=== Assigned task ===
Each line from the one that holds "Relax in the" to the end of the entries is to be given again exactly. Do not include pictures.

=== Raw data ===

╔══

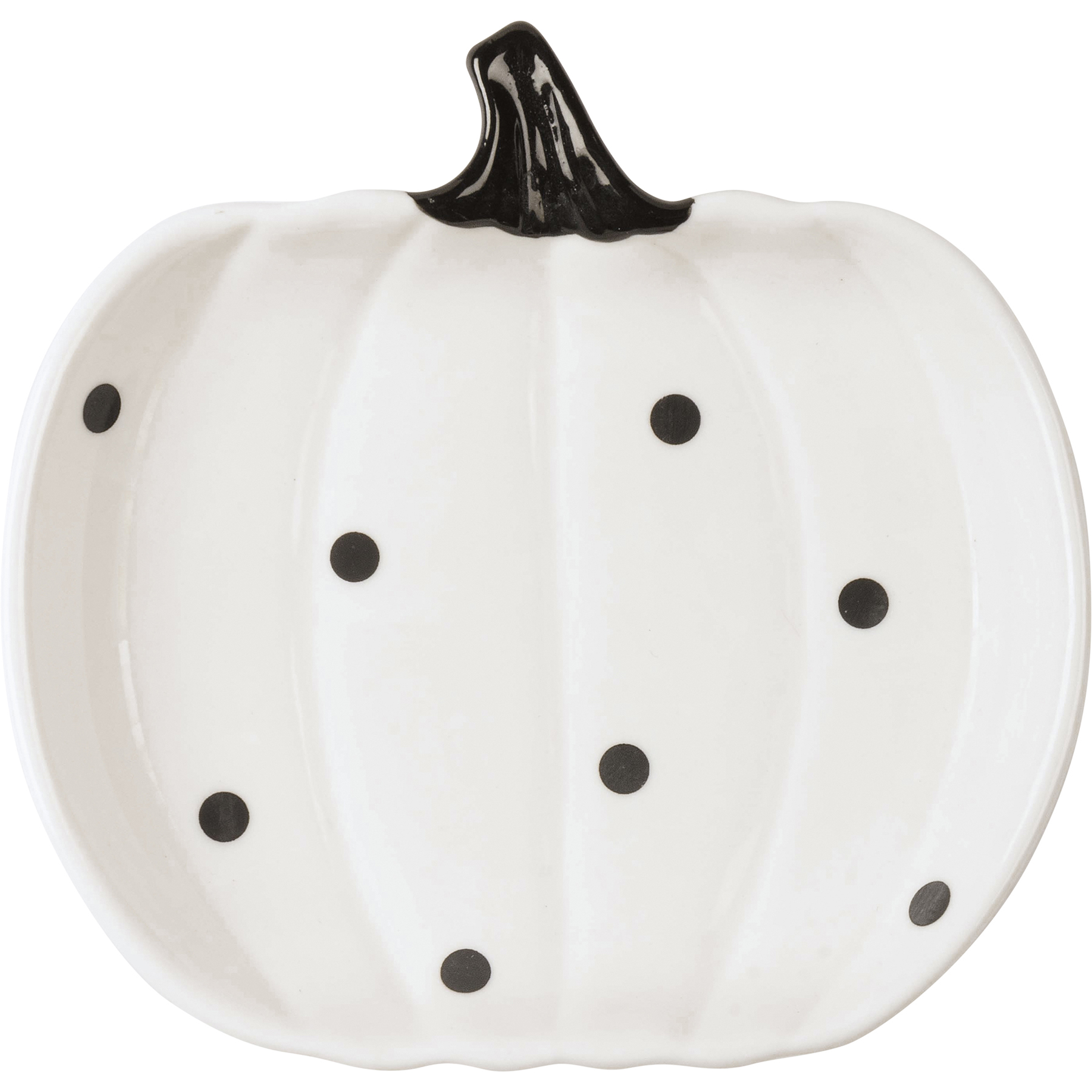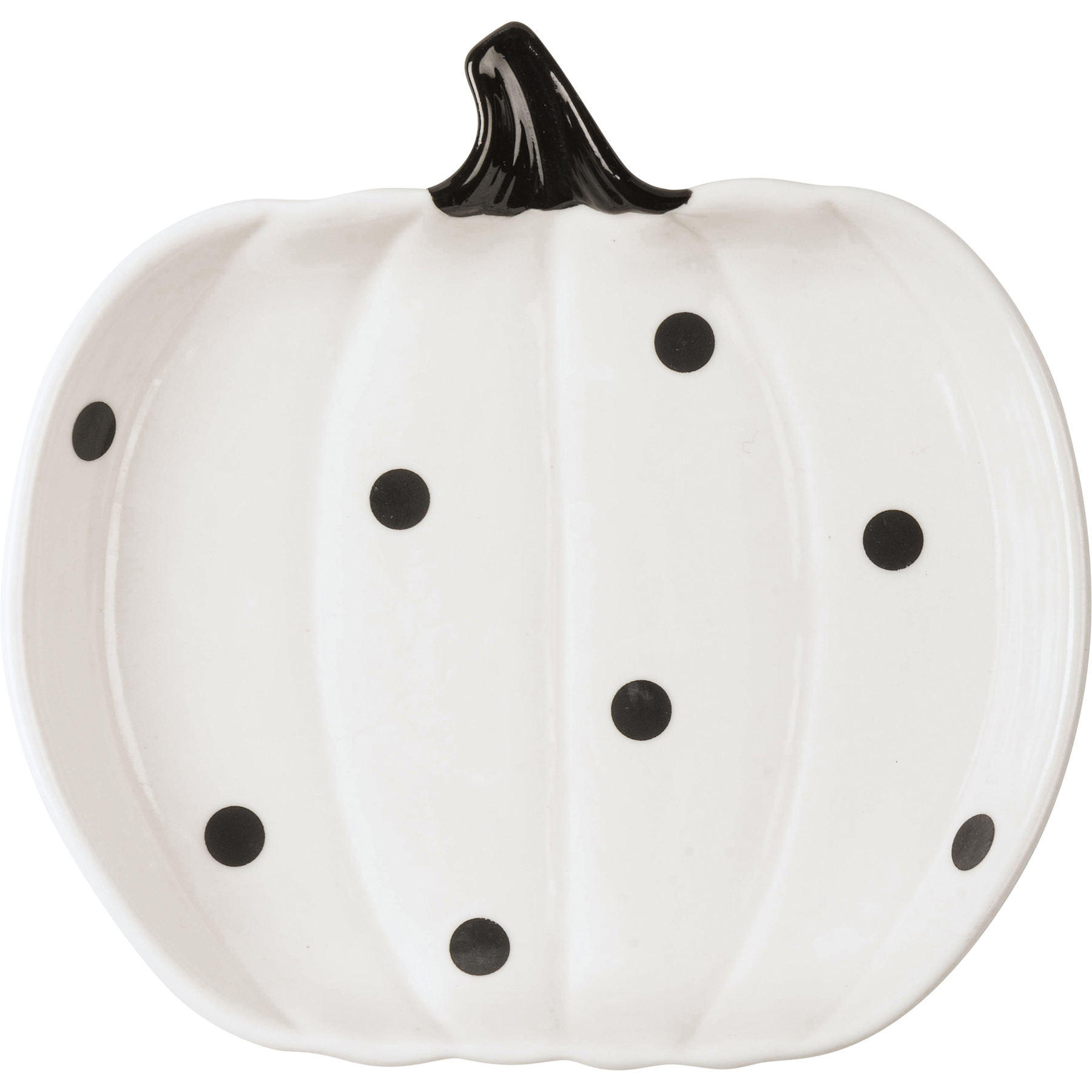 A set of three white pumpkin-shaped stoneware plates with black polka dots in various sizes. Microwave, oven, dishwasher, and food safe.
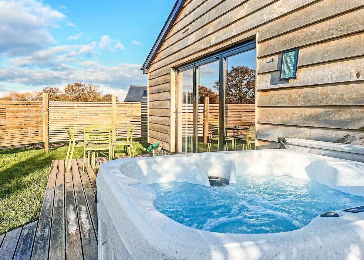 Relax in the luxurious Beachcomber hot tub on the south-facing sun-deck while enjoying the privacy of your own secluded garden. Roll back the bi-fold doors as you relax inside the shade of the lodge. Discover our pretty local villages and country lanes. We only have four of these hand-built lodges within the grounds of our country home, and they are special buildings for our special guests, many of whom return. Fully fitted kitchen for self-catering, king-size bed, outdoor sun-loungers.
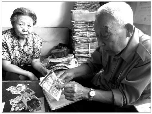 大图:滕西远老人向记者展示当年的照片。
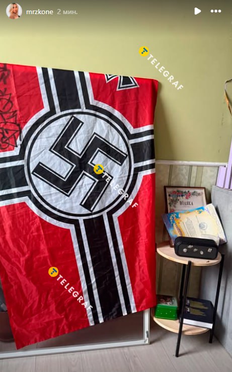 У своїх сторіз в Instagram вона показала прапор Третього Рейху, з яким фотографувалася до цього. Як і в першому випадку, знімок у її соцмережах протримався кілька хвилин.
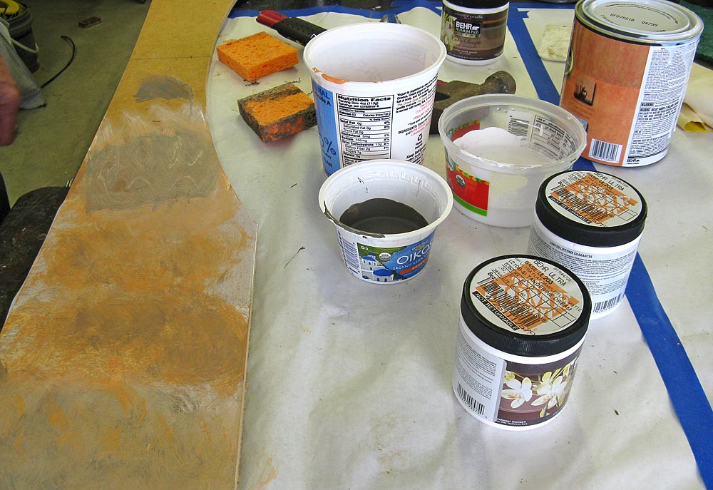 - Our glazing required a ratio of one part glaze to four parts paint. We just eyeballed it, using some small containers we had on hand from the recycling bin. The household sponges were cut in half and a fresh one used for each color.
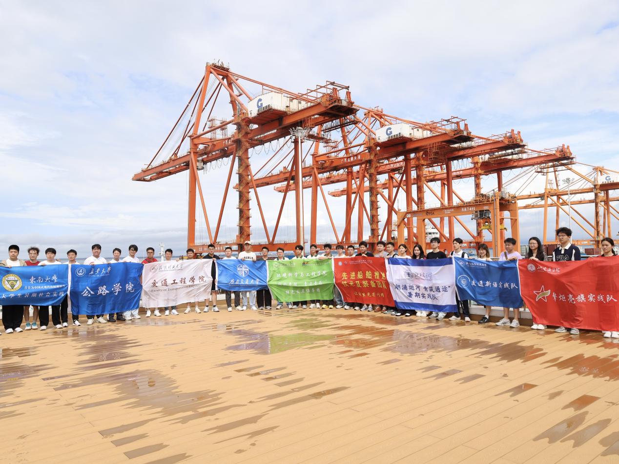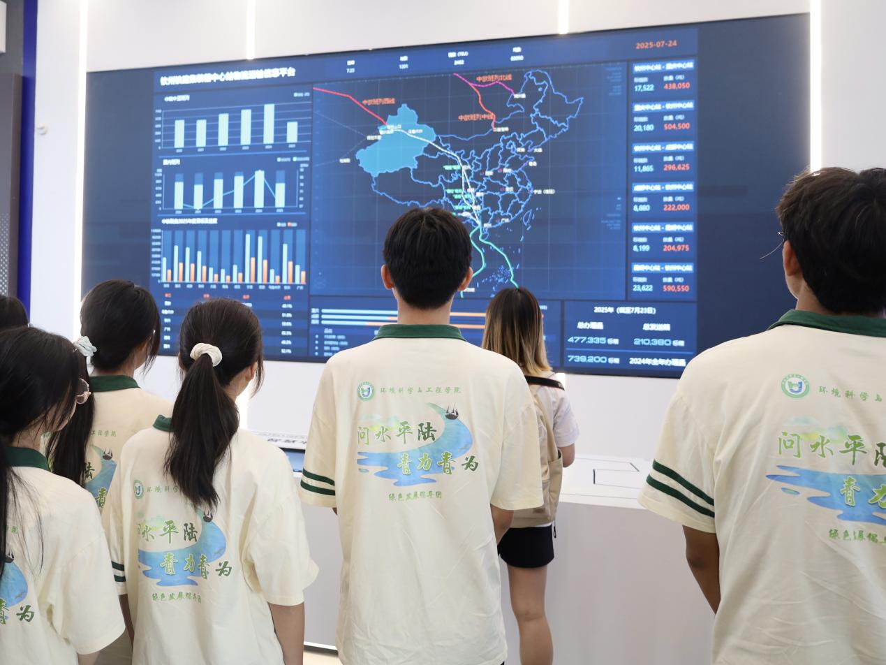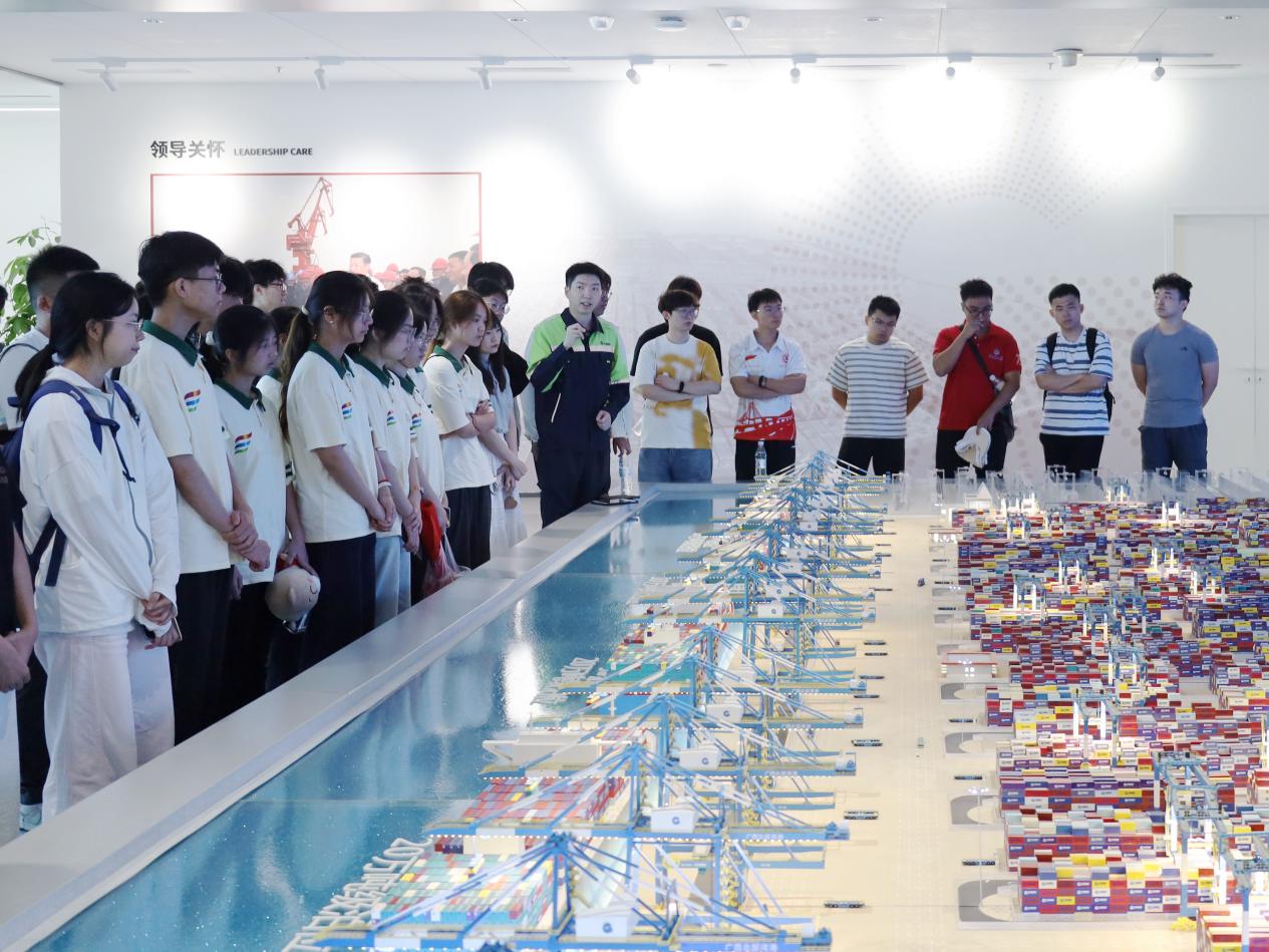 “问水平陆,青力青为”实践团与东南大学、长安大学等八所高校实践团齐聚广西钦州,共同走进钦州自动化集装箱码头及西部陆海新通道钦州中心站展厅,深入探寻北部湾港在自动化升级与国家战略通道建设中的创新实践,感受“中国智慧”赋能港口发展的强劲动能。
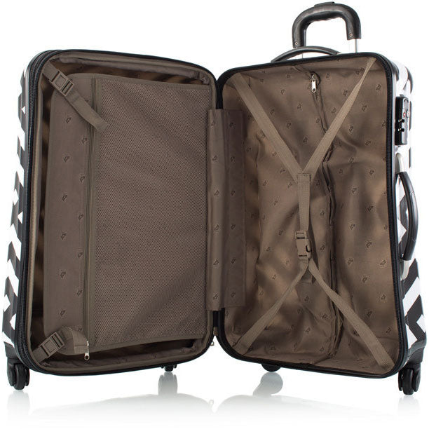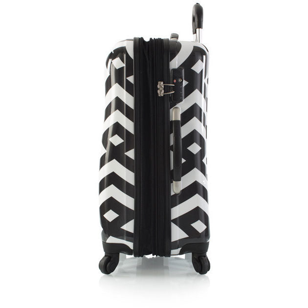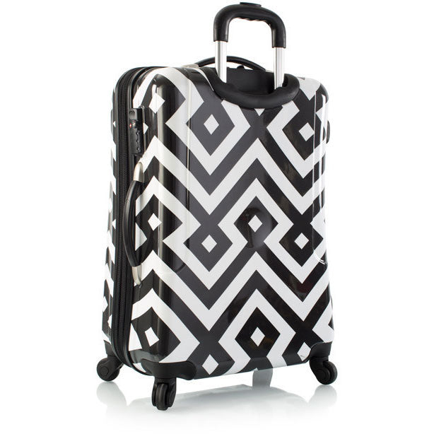 The Deco Spinners give new meaning to the term lsquo;fashionable luggage. Featuring a dynamic geometric pattern, this Heys Deco 26 inch Spinner makes a bold fashion statement. The vibrant luggage print is protected by a layer of clear coat which also gives it a beautiful glossy shine, and is sure to stand out from the crowd.

╚══

=== Output of the exercise ===
 Relax in the luxurious Beachcomber hot tub on the south-facing sun-deck while enjoying the privacy of your own secluded garden. Roll back the bi-fold doors as you relax inside the shade of the lodge. Discover our pretty local villages and country lanes. We only have four of these hand-built lodges within the grounds of our country home, and they are special buildings for our special guests, many of whom return. Fully fitted kitchen for self-catering, king-size bed, outdoor sun-loungers.
 大图:滕西远老人向记者展示当年的照片。
 У своїх сторіз в Instagram вона показала прапор Третього Рейху, з яким фотографувалася до цього. Як і в першому випадку, знімок у її соцмережах протримався кілька хвилин.
 - Our glazing required a ratio of one part glaze to four parts paint. We just eyeballed it, using some small containers we had on hand from the recycling bin. The household sponges were cut in half and a fresh one used for each color.
 “问水平陆,青力青为”实践团与东南大学、长安大学等八所高校实践团齐聚广西钦州,共同走进钦州自动化集装箱码头及西部陆海新通道钦州中心站展厅,深入探寻北部湾港在自动化升级与国家战略通道建设中的创新实践,感受“中国智慧”赋能港口发展的强劲动能。
 The Deco Spinners give new meaning to the term lsquo;fashionable luggage. Featuring a dynamic geometric pattern, this Heys Deco 26 inch Spinner makes a bold fashion statement. The vibrant luggage print is protected by a layer of clear coat which also gives it a beautiful glossy shine, and is sure to stand out from the crowd.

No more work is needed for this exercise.